▸ How to complete this task
Print the listing in its entirety and exactly, leaving out images.

▸ Recorded data
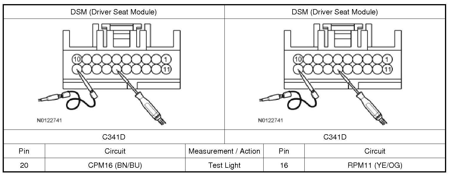 2. Disconnect: DSM (Driver Seat Module) C341D.
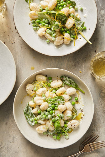 Gnocchis au citron avec petits pois et épinards
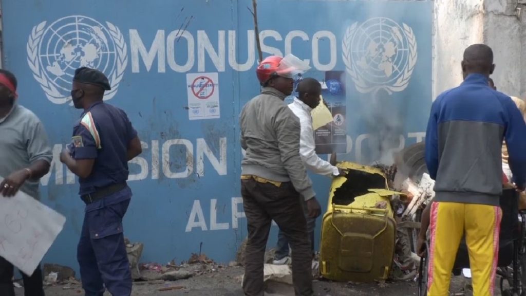 দেশটির নর্থ কিভু প্রদেশের কয়েকটি শহরে সোমবার শুরু হয় জাতিসংঘ শান্তিরক্ষী মিশন হটানোর প্রতিবাদ। বিক্ষোভকারীদের অভিযোগ, সন্ত্রাসী সংগঠনগুলোর হাত থেকে বেসামরিকদের রক্ষায় ব্যর্থ শান্তিরক্ষী মিশন। এরই প্রতিবাদে জাতিসংঘ ভবনে ভাঙচুর ও অগ্নিসংযোগ করে ক্ষুব্ধ জনতা। তাছাড়া, সেনা ঘাঁটিতে চালায় হামলা। সেনাসদস্যদের বাড়িতেও ঢুকে পড়ে তারা; চালায় লুটপাট।

▸ Answer section
 2. Disconnect: DSM (Driver Seat Module) C341D.
 Gnocchis au citron avec petits pois et épinards
 দেশটির নর্থ কিভু প্রদেশের কয়েকটি শহরে সোমবার শুরু হয় জাতিসংঘ শান্তিরক্ষী মিশন হটানোর প্রতিবাদ। বিক্ষোভকারীদের অভিযোগ, সন্ত্রাসী সংগঠনগুলোর হাত থেকে বেসামরিকদের রক্ষায় ব্যর্থ শান্তিরক্ষী মিশন। এরই প্রতিবাদে জাতিসংঘ ভবনে ভাঙচুর ও অগ্নিসংযোগ করে ক্ষুব্ধ জনতা। তাছাড়া, সেনা ঘাঁটিতে চালায় হামলা। সেনাসদস্যদের বাড়িতেও ঢুকে পড়ে তারা; চালায় লুটপাট।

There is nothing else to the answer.